*** The data ***

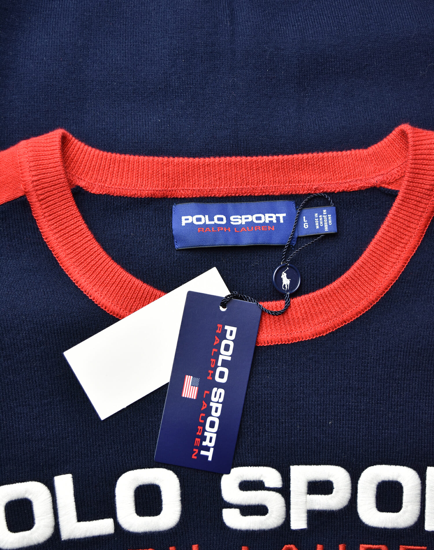 The logo for Ralph Lauren Polo Sport remained consistent throughout the brand’s original run, displaying the text “Polo Sport Ralph Lauren”. The brand was discontinued in the early 2000s therefore making it relatively easy to date items from the vintage collection.
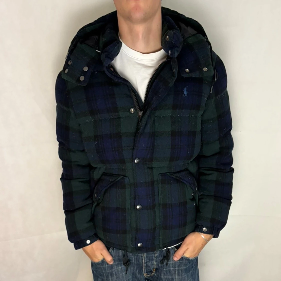 Riktigt skön raffe jacka, storlek S. Modellen är 185. Väldigt fint skick, enbart lite damm på bilden.
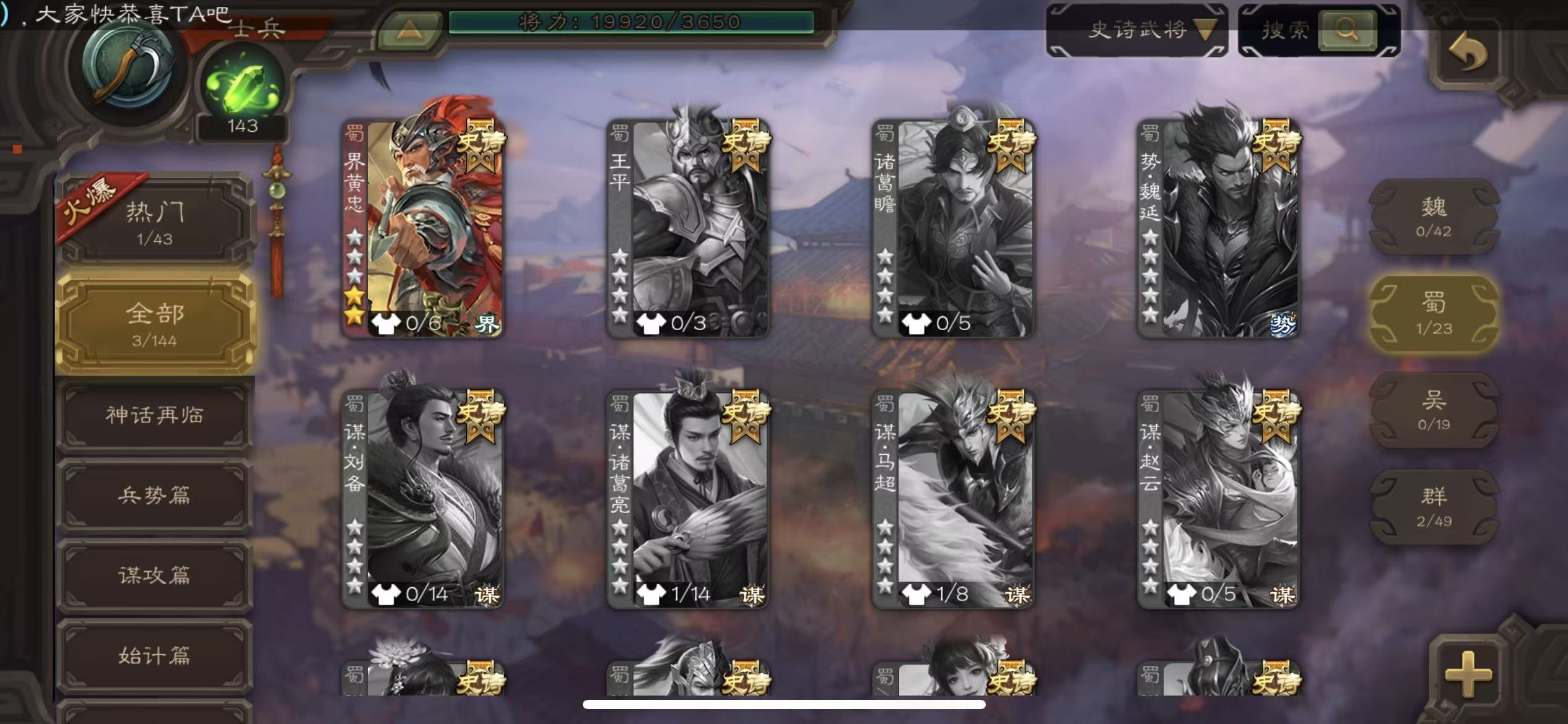 士兵70宝珠(可换火龙果势魏延)界黄忠3600将魂46招募令三卡

*** End of The data ***

• What to work on: Could you return the whole listing exactly, with every picture removed?

• Solved problem:
 The logo for Ralph Lauren Polo Sport remained consistent throughout the brand’s original run, displaying the text “Polo Sport Ralph Lauren”. The brand was discontinued in the early 2000s therefore making it relatively easy to date items from the vintage collection.
 Riktigt skön raffe jacka, storlek S. Modellen är 185. Väldigt fint skick, enbart lite damm på bilden.
 士兵70宝珠(可换火龙果势魏延)界黄忠3600将魂46招募令三卡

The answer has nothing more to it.